Conference: ICML 2026
arXiv: 2605.11246
Code: https://github.com/HarryYoung2018/spade (Available)
Area: Diffusion Models / Offline Black-Box Optimization
Keywords: Offline BBO, Conditional Diffusion Surrogate, kNN Support Regularization, LCB Acquisition Function

TL;DR

SPADE replaces traditional regression surrogates with a conditional diffusion model to model \(p(y\mid\boldsymbol{x})\). By incorporating "mean/rank calibration" and "kNN support regularization (mean-shrink + variance-floor)", it implicitly injects data priors into the surrogate, enabling offline black-box optimization to consistently reach SOTA performance on Design-Bench and LLM data mixture tasks.

Background & Motivation

Background: Offline black-box optimization (offline BBO) aims to find an optimal design using only a static dataset \(\mathcal{D}=\{(\boldsymbol{x}_i,y_i)\}\) without querying the true oracle.

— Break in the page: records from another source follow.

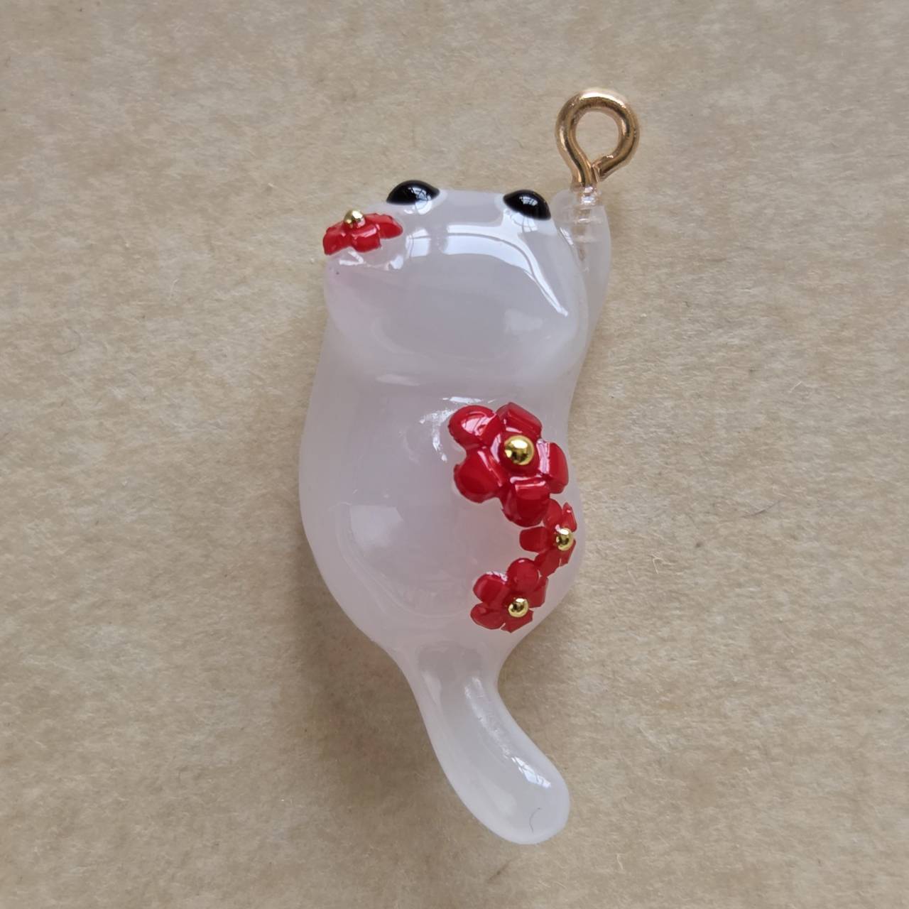 【受注販売】赤い花ざかりの白猫❉単体❉ヒートン有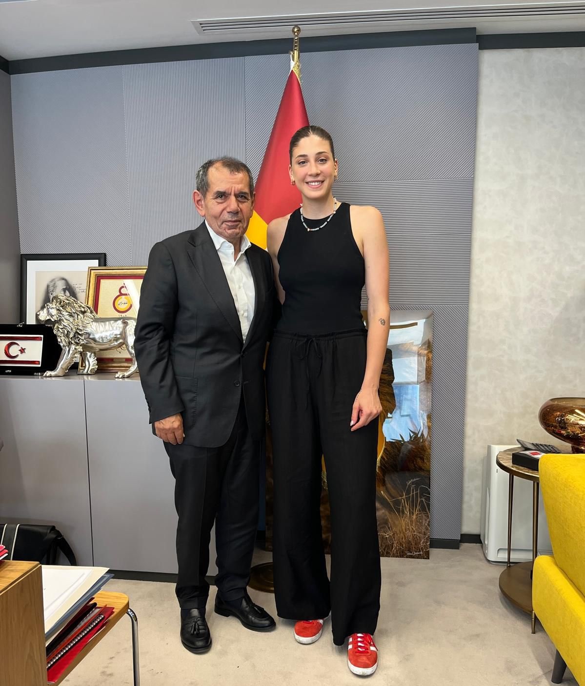 Ali Sami Yen Spor Kompleksi Rams Park’ta gerçekleşen ziyarette Galatasaray Spor Kulübü Başkanı Dursun Aydın Özbek, İlkin Aydın ile uzun süre sohbet etti ve A Milli Kadın Voleybol Takımımıza başarılar diledi.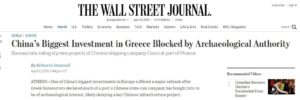 Οι Έλληνες γραφειοκράτες όρθωσαν ένα τεράστιο εμπόδιο σε μια από τις μεγαλύτερες επενδύσεις της Κίνας στην Ευρώπη, σημειώνει με δηκτικό τρόπο η Wall Street Journal αναφερόμενη στην απόφαση του Κεντρικού Αρχαιολογικού Συμβουλίου (ΚΑΣ) να γνωμοδοτήσει υπέρ της κήρυξης μέρους του Πειραιά ως αρχαιολογικού χώρου, δημιουργώντας με αυτόν τον τρόπο καθυστερήσεις στο κινεζικό project υποδομών.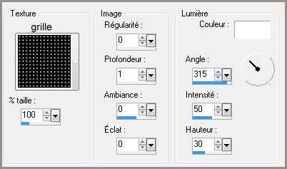 4 - Effets/Effets de Texture/Texture réglages suivants :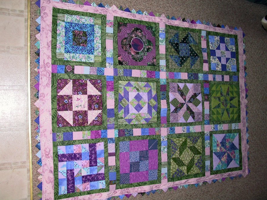 Strwberry Quilting Across the Miles - The blocks were made in duplicates by my Mom and myself. We would then keep one and mail the other to each other. After 6 blocks each, we would complete our individual quilt however we wished. This is how I put mine together. BTW--Mom is in PA and I'm in MN, hence the reason for the title "Quilting Across the Miles".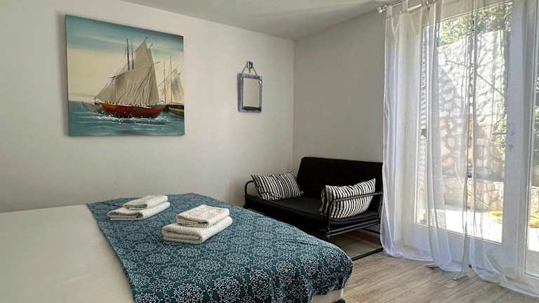 Die Ferienwohnung verfügt über ein Schlafzimmer, ein Badezimmer mit Dusche und ist mit Klimaanlage ausgestattet. Zur Ausstattung gehören WLAN sowie Elemente für Komfort wie Handtücher und Bettwäsche.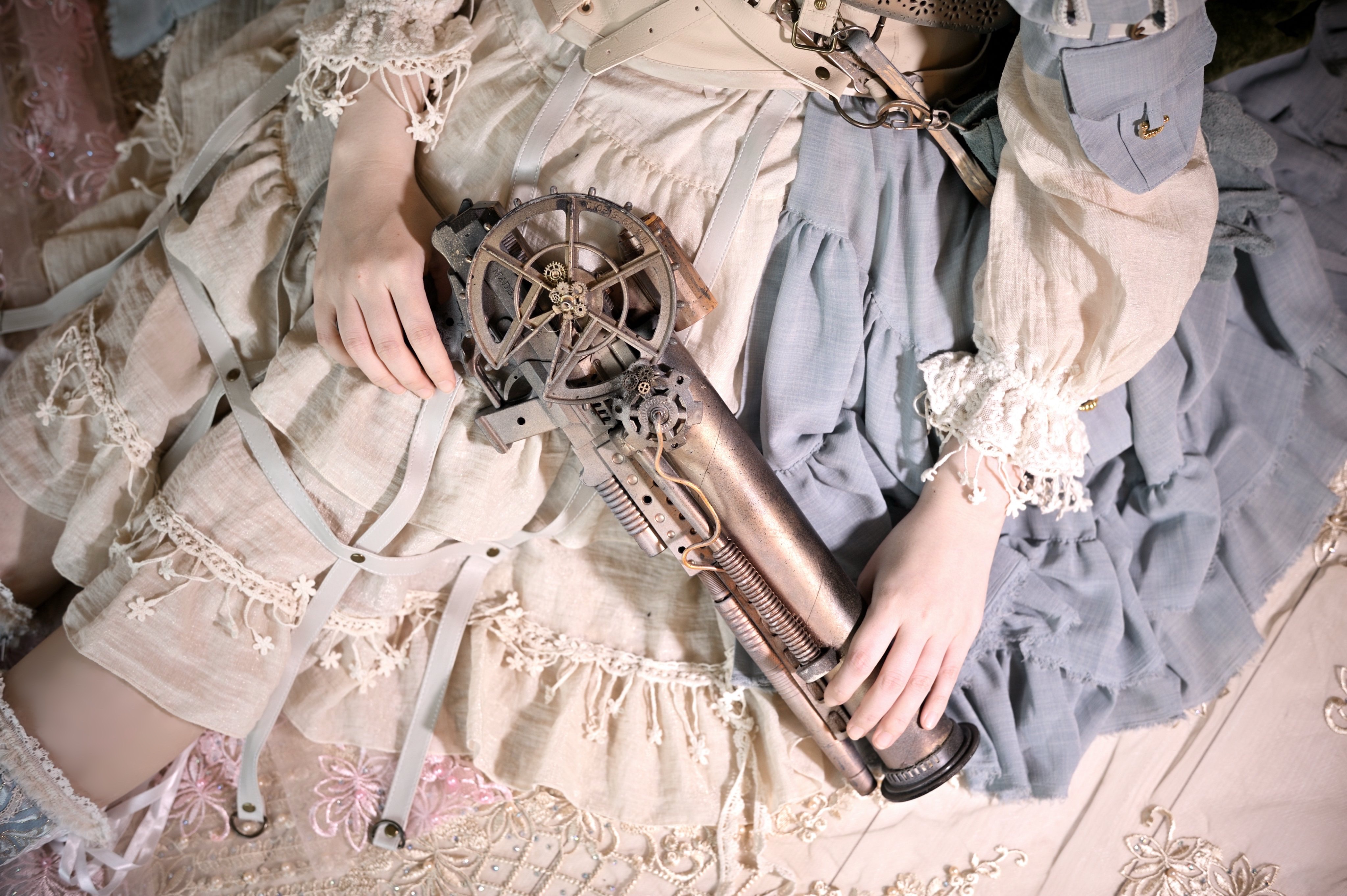 メカニカルですす汚れたスチームパンクと相反する可愛いロマンチックさをMIXしました。

Mainstream approaches are divided into two categories: inverse methods, which directly learn \(p(\boldsymbol{x}\mid y)\) to sample designs conditioned on high scores; and forward methods, which learn a regression surrogate \(f_\theta(\boldsymbol{x})\) followed by gradient ascent or acquisition function search.

Limitations of Prior Work: Inverse methods are inherently ill-posed one-to-many mappings, making them difficult to train and prone to mode collapse. In forward methods, deterministic MLPs fail to provide epistemic uncertainty, leading the optimizer to "drill holes" into regions where the surrogate overestimates, resulting in unreliable performance in real environments.

Key Challenge: An effective forward surrogate requires three properties: distributional expressiveness (providing both mean and variance), global accuracy (precise mean and ranking), and natural conservatism toward OOD regions (automatically lowering evaluations far from the data manifold). Existing methods typically satisfy only one of these.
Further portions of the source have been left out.